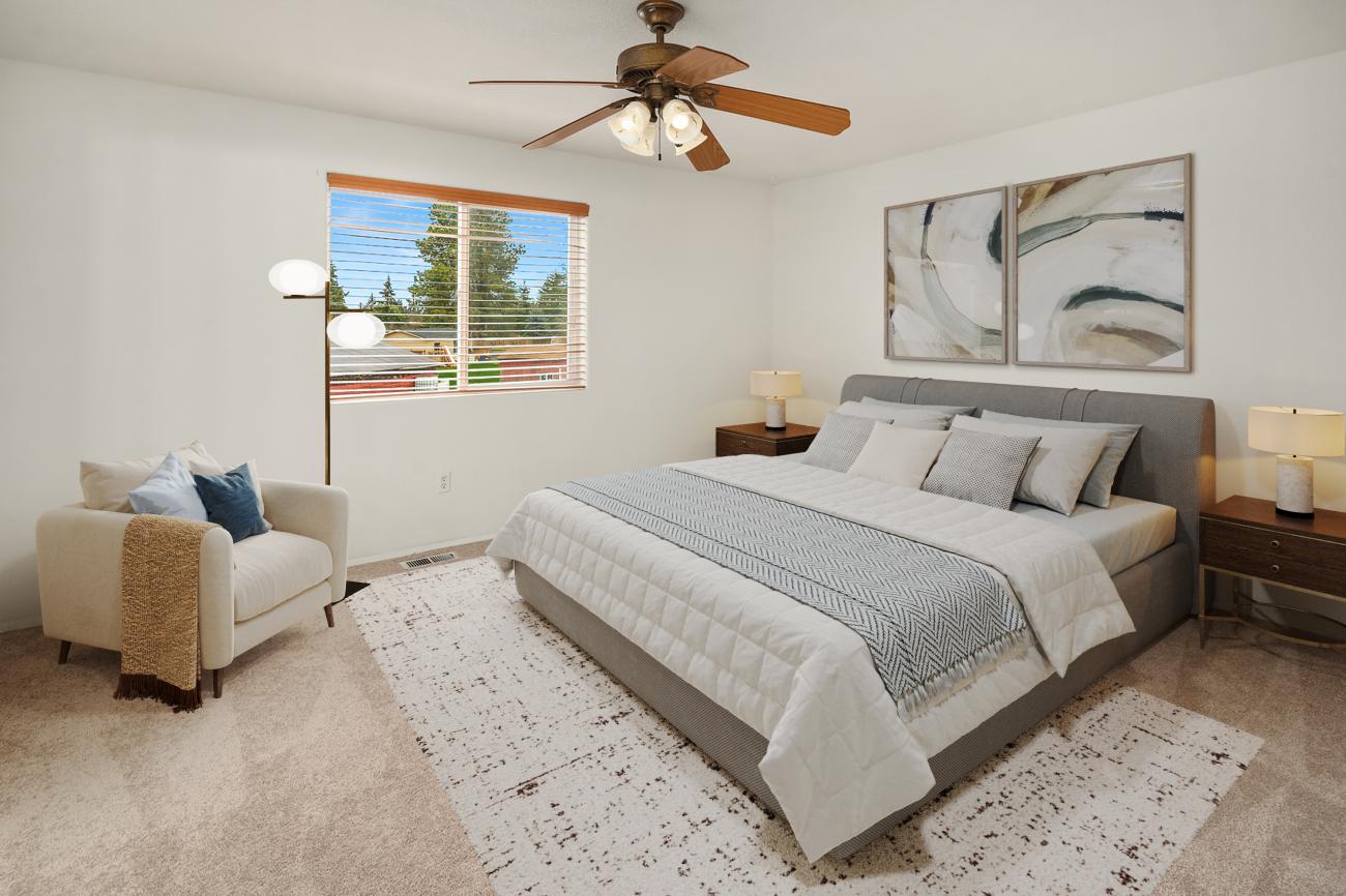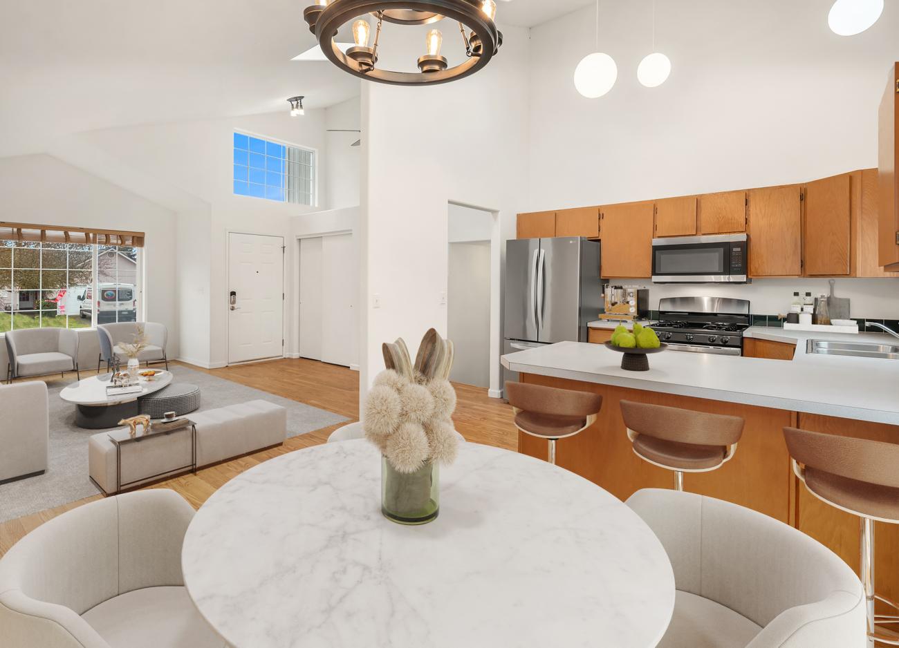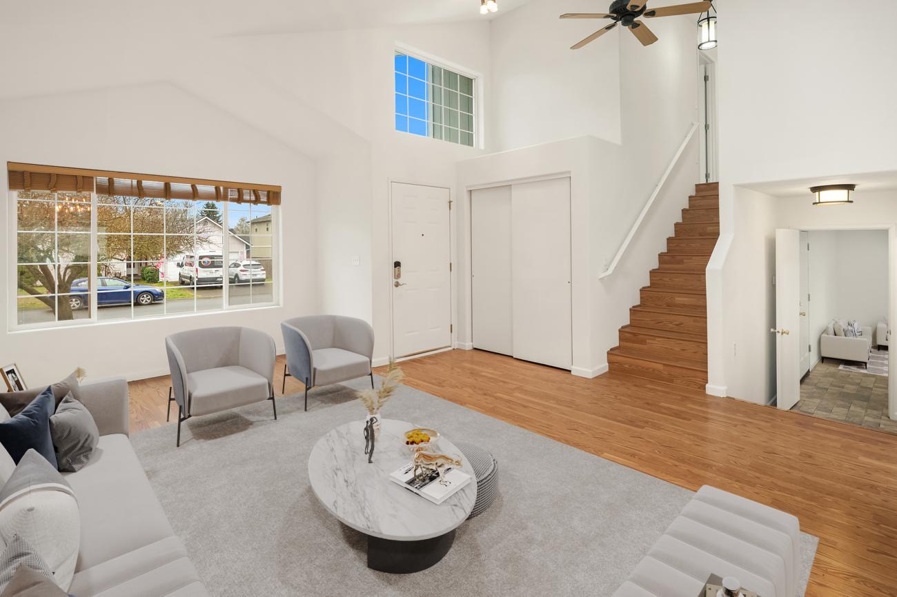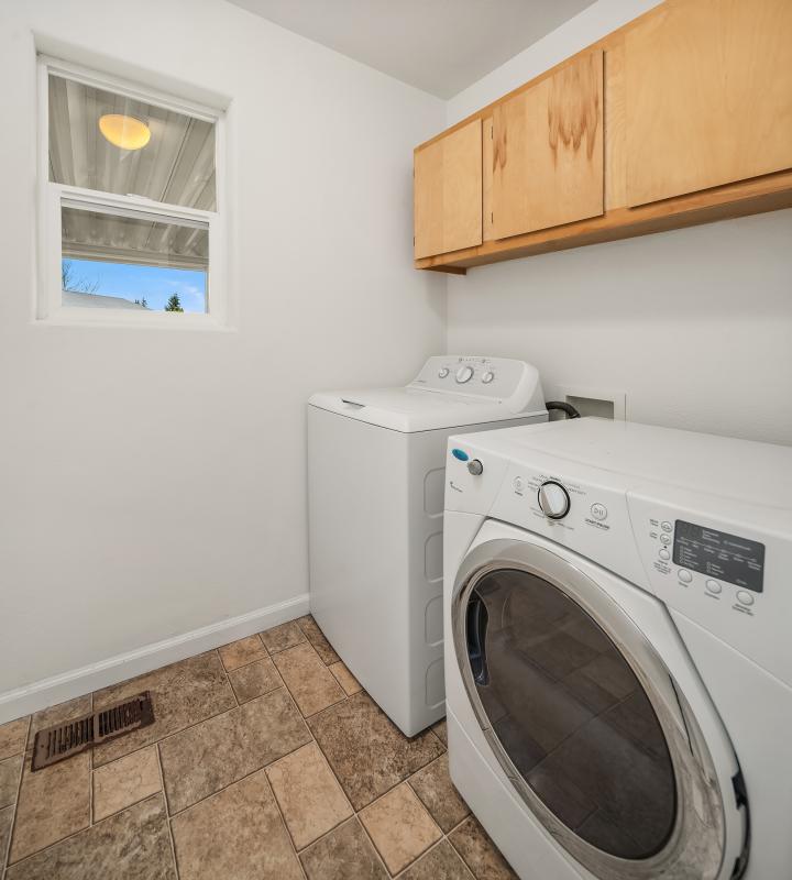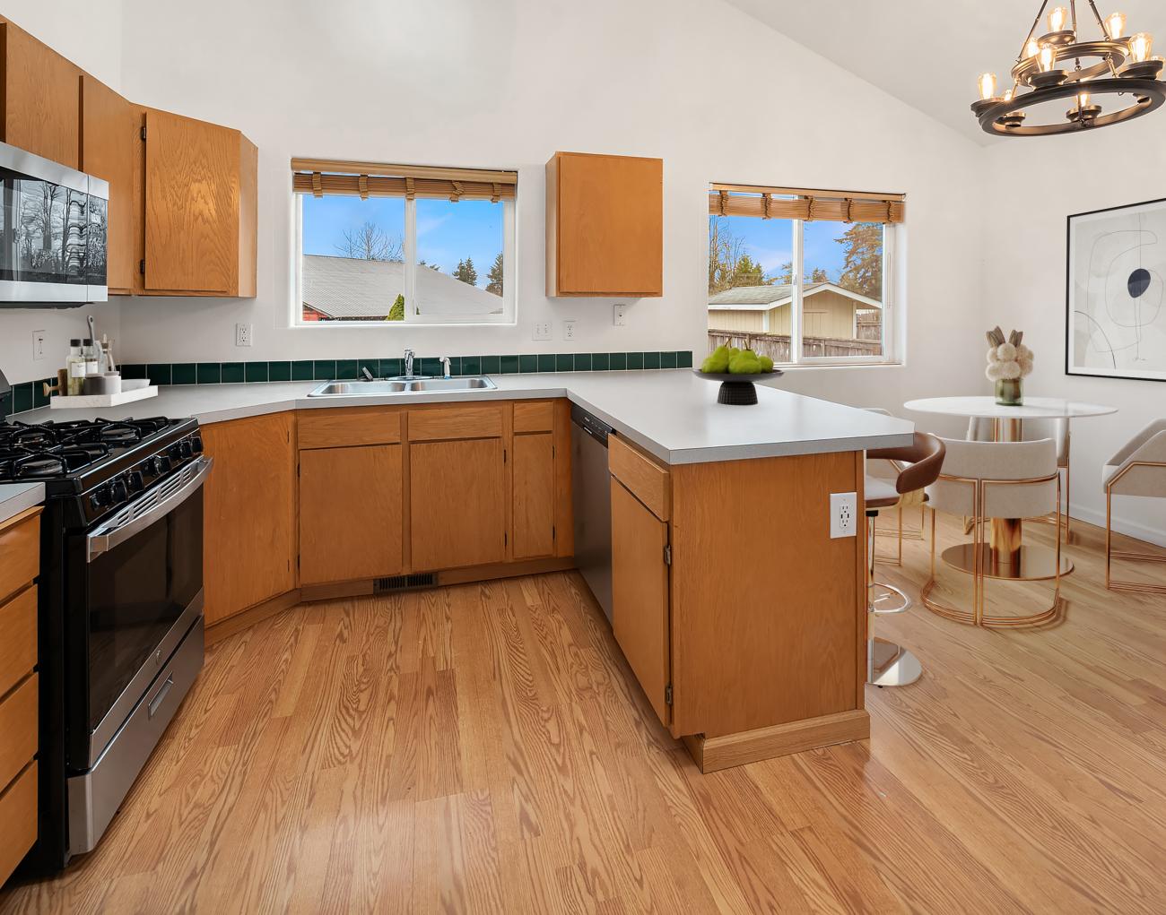 Discover your peaceful retreat in Yelm with breathtaking mountain views! This beautifully updated home offers a spacious, well-designed kitchen with eating space and a main living area featuring vaulted ceilings, skylights, and laminate flooring. The downstairs second living space is perfect for a playroom or additional living area. The garage is equipped with a workbench, den, heat, AC, and built-ins for a home office. Enjoy the outdoors with a securely fenced dog run or chicken area. This move-in ready home offers quality craftsmanship inside and out—don't miss out on this opportunity!
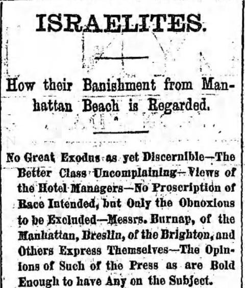 In America, specifically New York, there was a war on Jws. They had just been banished from numerous areas including railroads and beaches. Let’s check out an article from 1879 called Israelites, How their Banishment from Manhattan Beach is Regarded:
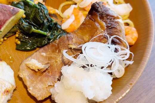 マグロのかま焼きは、豊洲市場に隣接する「ラビスタ東京ベイ」ならではのメニューです。顎の部分を焼いた料理で、しっかり脂が乗ってみっしり詰まった身を香ばしく焼かれてあり、おいしさが詰まった1品。
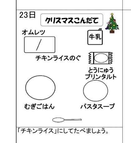 12月23日(月)の梅坪小(3)クリスマス献立!
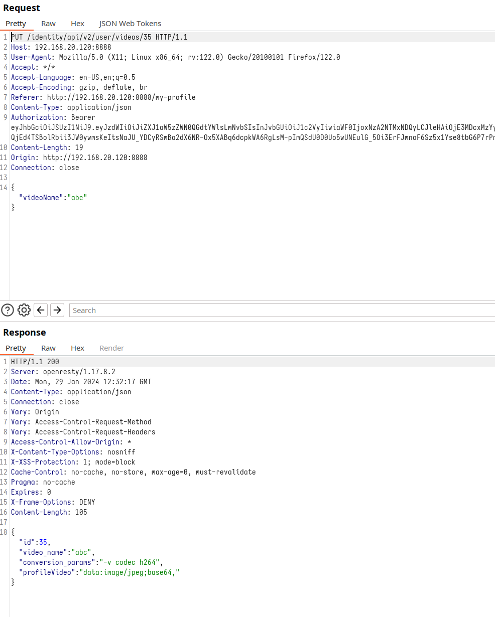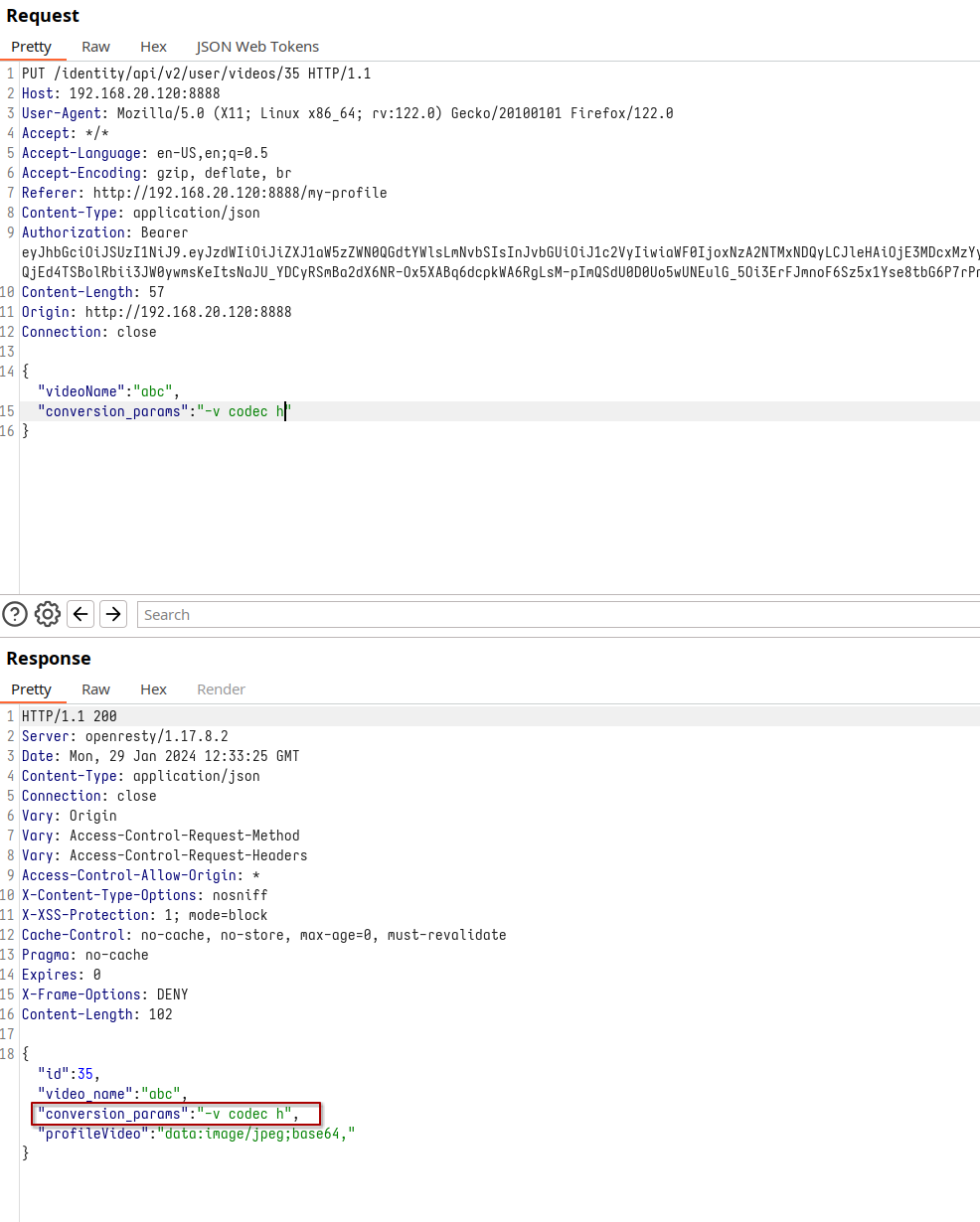 A pivotal point in our analysis is the examination of the Mass Assignment vulnerability. Our methodical testing aims to uncover if parameters, when included in the request, are echoed back in the server’s response, potentially altered. Among the parameters tested, including the ‘id’ in hopes of altering access to other videos, it was the ‘conversion_params’ parameter that stood out. This parameter, responsible for setting the video’s conversion settings, proved to be susceptible to Mass Assignment. By modifying ‘conversion_params’ in our request, we observed a direct alteration in the response. This finding not only demonstrates the vulnerability to Mass Assignment but also underscores the importance of scrutinizing how server responses reflect the changes made to request parameters, thereby influencing the video conversion process.
--------
REQUIRED ACTION: Could you output the full set of entries exactly, skipping every picture?

REPLY TO THE TASK:
 Discover your peaceful retreat in Yelm with breathtaking mountain views! This beautifully updated home offers a spacious, well-designed kitchen with eating space and a main living area featuring vaulted ceilings, skylights, and laminate flooring. The downstairs second living space is perfect for a playroom or additional living area. The garage is equipped with a workbench, den, heat, AC, and built-ins for a home office. Enjoy the outdoors with a securely fenced dog run or chicken area. This move-in ready home offers quality craftsmanship inside and out—don't miss out on this opportunity!
 In America, specifically New York, there was a war on Jws. They had just been banished from numerous areas including railroads and beaches. Let’s check out an article from 1879 called Israelites, How their Banishment from Manhattan Beach is Regarded:
 マグロのかま焼きは、豊洲市場に隣接する「ラビスタ東京ベイ」ならではのメニューです。顎の部分を焼いた料理で、しっかり脂が乗ってみっしり詰まった身を香ばしく焼かれてあり、おいしさが詰まった1品。
 12月23日(月)の梅坪小(3)クリスマス献立!
 A pivotal point in our analysis is the examination of the Mass Assignment vulnerability. Our methodical testing aims to uncover if parameters, when included in the request, are echoed back in the server’s response, potentially altered. Among the parameters tested, including the ‘id’ in hopes of altering access to other videos, it was the ‘conversion_params’ parameter that stood out. This parameter, responsible for setting the video’s conversion settings, proved to be susceptible to Mass Assignment. By modifying ‘conversion_params’ in our request, we observed a direct alteration in the response. This finding not only demonstrates the vulnerability to Mass Assignment but also underscores the importance of scrutinizing how server responses reflect the changes made to request parameters, thereby influencing the video conversion process.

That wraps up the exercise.